### What this task involves
Without the pictures, write the listing out again exactly as it appears.

### Data excerpt
=-=-=-=-=

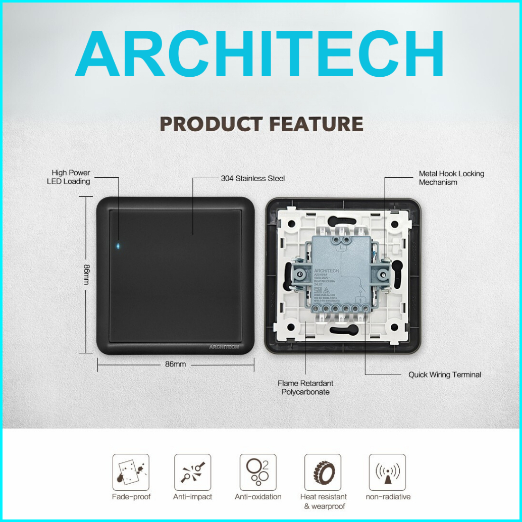 Architech Saklar Listrik A23 Dynamic Sakelar Lampu Architech Dynamic Black A23 Saklar Mewah Saklar Modern Saklar Matt Bl
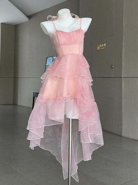 Sweet Pink Birthday Party Dress Strapless Layered High Low Homecoming Dress TP2028
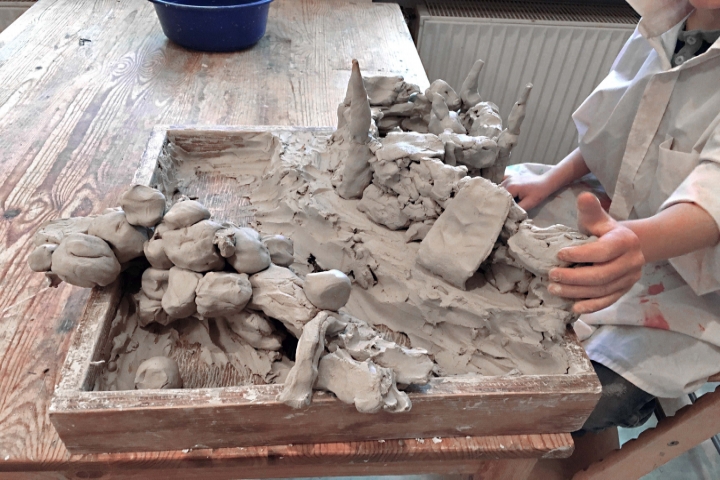 Die Arbeit am Tonfeld ist für Kinder und Erwachsene geeignet.

=-=-=-=-=

### Task result
 Architech Saklar Listrik A23 Dynamic Sakelar Lampu Architech Dynamic Black A23 Saklar Mewah Saklar Modern Saklar Matt Bl
 Sweet Pink Birthday Party Dress Strapless Layered High Low Homecoming Dress TP2028
 Die Arbeit am Tonfeld ist für Kinder und Erwachsene geeignet.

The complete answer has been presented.